━━ Record set ━━

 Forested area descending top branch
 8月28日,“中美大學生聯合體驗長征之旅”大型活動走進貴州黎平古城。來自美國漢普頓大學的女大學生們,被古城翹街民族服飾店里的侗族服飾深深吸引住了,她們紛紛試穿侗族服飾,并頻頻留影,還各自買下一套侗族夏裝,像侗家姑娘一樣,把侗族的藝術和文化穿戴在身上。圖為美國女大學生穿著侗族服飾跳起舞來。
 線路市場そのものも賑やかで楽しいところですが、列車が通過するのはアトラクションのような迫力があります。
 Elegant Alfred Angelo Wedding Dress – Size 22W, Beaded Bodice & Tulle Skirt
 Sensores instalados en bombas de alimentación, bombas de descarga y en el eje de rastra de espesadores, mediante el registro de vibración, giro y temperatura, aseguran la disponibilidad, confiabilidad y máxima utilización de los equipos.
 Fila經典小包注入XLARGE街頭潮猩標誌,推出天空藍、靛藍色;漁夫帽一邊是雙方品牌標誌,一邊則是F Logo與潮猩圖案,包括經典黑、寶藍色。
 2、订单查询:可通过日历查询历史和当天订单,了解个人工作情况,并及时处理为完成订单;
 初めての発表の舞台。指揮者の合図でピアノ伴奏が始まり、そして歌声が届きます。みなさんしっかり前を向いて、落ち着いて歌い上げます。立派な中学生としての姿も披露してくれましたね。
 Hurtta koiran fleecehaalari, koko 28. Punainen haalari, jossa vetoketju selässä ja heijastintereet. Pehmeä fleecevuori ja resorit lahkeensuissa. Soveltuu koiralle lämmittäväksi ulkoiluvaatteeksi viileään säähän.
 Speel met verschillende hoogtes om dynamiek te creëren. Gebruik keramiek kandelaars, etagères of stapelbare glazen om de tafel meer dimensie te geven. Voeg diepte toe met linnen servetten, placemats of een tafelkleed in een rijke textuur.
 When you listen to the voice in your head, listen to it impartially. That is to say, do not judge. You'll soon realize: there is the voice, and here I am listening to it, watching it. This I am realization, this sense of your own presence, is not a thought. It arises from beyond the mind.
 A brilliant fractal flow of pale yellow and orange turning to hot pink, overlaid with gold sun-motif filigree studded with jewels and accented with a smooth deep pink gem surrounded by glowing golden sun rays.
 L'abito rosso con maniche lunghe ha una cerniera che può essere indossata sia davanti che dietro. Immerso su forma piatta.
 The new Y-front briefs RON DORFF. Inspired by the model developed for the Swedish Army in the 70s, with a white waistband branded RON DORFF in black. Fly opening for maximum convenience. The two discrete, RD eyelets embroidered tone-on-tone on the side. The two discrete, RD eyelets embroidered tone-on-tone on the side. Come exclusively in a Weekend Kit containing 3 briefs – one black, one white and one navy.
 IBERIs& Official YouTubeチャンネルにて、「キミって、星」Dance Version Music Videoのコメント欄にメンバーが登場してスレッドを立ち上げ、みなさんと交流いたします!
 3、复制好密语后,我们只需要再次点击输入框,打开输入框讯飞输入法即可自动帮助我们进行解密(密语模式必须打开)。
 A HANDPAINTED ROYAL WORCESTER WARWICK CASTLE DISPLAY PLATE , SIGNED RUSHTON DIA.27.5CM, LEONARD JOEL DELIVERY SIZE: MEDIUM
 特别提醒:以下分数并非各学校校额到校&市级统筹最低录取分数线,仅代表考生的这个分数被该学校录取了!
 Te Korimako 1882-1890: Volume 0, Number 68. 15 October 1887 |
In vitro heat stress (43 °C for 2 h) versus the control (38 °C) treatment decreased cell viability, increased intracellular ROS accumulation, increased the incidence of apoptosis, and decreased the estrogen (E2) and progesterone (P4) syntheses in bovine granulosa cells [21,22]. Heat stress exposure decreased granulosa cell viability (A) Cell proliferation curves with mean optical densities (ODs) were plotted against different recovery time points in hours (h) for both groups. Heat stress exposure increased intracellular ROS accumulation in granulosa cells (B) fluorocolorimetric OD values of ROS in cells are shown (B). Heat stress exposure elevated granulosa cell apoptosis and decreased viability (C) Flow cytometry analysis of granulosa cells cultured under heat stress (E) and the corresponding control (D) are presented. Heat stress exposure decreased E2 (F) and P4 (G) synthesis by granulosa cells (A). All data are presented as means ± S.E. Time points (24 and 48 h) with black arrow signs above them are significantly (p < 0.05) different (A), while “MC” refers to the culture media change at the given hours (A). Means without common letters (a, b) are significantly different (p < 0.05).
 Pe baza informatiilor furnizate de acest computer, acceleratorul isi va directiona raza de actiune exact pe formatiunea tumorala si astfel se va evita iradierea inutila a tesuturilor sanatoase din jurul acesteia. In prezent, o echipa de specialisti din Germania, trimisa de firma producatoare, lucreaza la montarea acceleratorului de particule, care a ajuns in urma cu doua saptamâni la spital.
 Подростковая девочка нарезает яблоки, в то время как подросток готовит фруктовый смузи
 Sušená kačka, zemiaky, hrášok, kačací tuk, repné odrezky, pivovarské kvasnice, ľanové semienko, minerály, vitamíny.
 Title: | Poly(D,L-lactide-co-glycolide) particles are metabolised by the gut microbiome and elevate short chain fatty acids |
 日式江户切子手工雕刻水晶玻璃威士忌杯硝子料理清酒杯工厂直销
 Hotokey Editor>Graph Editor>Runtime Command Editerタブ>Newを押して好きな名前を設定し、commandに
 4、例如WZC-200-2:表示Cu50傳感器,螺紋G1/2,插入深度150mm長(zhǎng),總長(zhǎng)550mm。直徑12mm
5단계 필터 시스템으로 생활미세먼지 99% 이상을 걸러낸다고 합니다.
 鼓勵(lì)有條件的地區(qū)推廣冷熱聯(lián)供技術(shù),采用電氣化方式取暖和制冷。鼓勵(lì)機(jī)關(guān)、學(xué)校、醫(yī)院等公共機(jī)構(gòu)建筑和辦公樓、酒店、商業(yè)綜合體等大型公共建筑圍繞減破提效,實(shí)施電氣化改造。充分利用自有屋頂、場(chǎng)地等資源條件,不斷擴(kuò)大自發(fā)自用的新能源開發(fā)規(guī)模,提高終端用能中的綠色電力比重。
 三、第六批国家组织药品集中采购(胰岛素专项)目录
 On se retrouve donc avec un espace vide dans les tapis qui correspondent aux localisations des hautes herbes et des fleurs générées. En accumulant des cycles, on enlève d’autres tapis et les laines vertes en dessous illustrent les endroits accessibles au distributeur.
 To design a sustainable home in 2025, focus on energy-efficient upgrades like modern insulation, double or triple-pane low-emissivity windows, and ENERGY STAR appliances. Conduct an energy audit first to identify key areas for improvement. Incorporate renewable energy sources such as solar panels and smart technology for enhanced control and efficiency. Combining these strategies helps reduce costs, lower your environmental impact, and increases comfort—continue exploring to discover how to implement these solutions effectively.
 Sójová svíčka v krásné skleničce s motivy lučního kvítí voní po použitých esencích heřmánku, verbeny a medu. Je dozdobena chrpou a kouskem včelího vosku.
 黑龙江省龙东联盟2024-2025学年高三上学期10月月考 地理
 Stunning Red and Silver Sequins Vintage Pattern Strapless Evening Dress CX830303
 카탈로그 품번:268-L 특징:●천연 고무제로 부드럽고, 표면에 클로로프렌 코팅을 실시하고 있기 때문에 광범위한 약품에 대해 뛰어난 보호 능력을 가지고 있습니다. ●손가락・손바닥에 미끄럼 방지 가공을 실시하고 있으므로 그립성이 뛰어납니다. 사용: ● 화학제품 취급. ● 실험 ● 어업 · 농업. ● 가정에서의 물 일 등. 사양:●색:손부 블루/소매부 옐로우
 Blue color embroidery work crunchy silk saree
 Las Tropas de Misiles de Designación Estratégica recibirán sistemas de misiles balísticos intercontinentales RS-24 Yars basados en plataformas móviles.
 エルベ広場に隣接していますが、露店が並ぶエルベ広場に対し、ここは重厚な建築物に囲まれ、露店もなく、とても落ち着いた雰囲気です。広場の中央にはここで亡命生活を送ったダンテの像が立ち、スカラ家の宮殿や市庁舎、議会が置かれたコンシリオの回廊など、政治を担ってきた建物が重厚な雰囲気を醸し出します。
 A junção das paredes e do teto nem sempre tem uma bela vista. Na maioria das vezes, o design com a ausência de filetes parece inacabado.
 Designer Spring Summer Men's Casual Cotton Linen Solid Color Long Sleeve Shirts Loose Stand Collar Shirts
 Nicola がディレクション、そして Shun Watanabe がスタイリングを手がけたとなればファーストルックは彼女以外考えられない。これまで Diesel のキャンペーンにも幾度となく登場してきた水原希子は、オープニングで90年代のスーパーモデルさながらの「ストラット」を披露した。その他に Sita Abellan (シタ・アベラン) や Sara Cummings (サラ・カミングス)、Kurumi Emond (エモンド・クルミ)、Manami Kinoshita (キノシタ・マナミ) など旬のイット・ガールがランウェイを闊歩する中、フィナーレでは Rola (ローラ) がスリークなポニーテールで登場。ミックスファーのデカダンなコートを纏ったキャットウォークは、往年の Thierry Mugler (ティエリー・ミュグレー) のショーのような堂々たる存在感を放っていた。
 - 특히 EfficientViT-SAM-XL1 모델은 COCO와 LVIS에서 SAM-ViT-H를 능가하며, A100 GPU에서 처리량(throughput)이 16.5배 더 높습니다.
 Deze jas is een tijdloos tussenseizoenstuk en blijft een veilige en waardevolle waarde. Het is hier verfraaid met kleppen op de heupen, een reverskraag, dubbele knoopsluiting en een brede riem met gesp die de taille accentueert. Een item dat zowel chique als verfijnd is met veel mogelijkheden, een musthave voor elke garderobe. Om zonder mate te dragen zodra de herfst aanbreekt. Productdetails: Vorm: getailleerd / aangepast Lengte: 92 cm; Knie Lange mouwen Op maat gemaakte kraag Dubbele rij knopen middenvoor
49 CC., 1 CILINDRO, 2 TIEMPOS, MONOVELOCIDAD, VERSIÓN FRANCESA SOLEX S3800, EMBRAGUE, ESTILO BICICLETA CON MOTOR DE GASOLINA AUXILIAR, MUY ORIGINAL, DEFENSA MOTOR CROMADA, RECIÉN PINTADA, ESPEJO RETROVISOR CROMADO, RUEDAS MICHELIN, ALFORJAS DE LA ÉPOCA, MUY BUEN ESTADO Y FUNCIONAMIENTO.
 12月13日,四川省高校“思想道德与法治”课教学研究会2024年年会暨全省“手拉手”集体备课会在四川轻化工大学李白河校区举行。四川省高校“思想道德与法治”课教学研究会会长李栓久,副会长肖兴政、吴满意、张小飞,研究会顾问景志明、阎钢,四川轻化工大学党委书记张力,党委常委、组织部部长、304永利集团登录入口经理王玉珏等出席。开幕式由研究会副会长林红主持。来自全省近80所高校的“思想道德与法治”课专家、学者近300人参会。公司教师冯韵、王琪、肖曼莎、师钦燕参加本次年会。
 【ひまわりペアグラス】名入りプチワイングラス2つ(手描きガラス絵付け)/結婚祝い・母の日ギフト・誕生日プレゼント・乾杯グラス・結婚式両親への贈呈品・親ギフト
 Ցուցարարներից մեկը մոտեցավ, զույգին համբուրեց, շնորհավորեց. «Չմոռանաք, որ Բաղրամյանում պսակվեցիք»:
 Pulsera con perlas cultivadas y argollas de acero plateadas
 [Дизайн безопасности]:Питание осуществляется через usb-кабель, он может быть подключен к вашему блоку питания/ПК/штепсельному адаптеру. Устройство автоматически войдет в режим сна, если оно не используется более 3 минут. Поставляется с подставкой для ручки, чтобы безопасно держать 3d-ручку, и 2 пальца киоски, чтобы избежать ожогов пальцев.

━━━

> Work instructions:
Of the entries above, transcribe exactly those lines that fall between the line containing "鼓勵(lì)有條件的地區(q" and the line containing "On se retrouve", together with those two lines.

> Solved problem:
 鼓勵(lì)有條件的地區(qū)推廣冷熱聯(lián)供技術(shù),采用電氣化方式取暖和制冷。鼓勵(lì)機(jī)關(guān)、學(xué)校、醫(yī)院等公共機(jī)構(gòu)建筑和辦公樓、酒店、商業(yè)綜合體等大型公共建筑圍繞減破提效,實(shí)施電氣化改造。充分利用自有屋頂、場(chǎng)地等資源條件,不斷擴(kuò)大自發(fā)自用的新能源開發(fā)規(guī)模,提高終端用能中的綠色電力比重。
 三、第六批国家组织药品集中采购(胰岛素专项)目录
 On se retrouve donc avec un espace vide dans les tapis qui correspondent aux localisations des hautes herbes et des fleurs générées. En accumulant des cycles, on enlève d’autres tapis et les laines vertes en dessous illustrent les endroits accessibles au distributeur.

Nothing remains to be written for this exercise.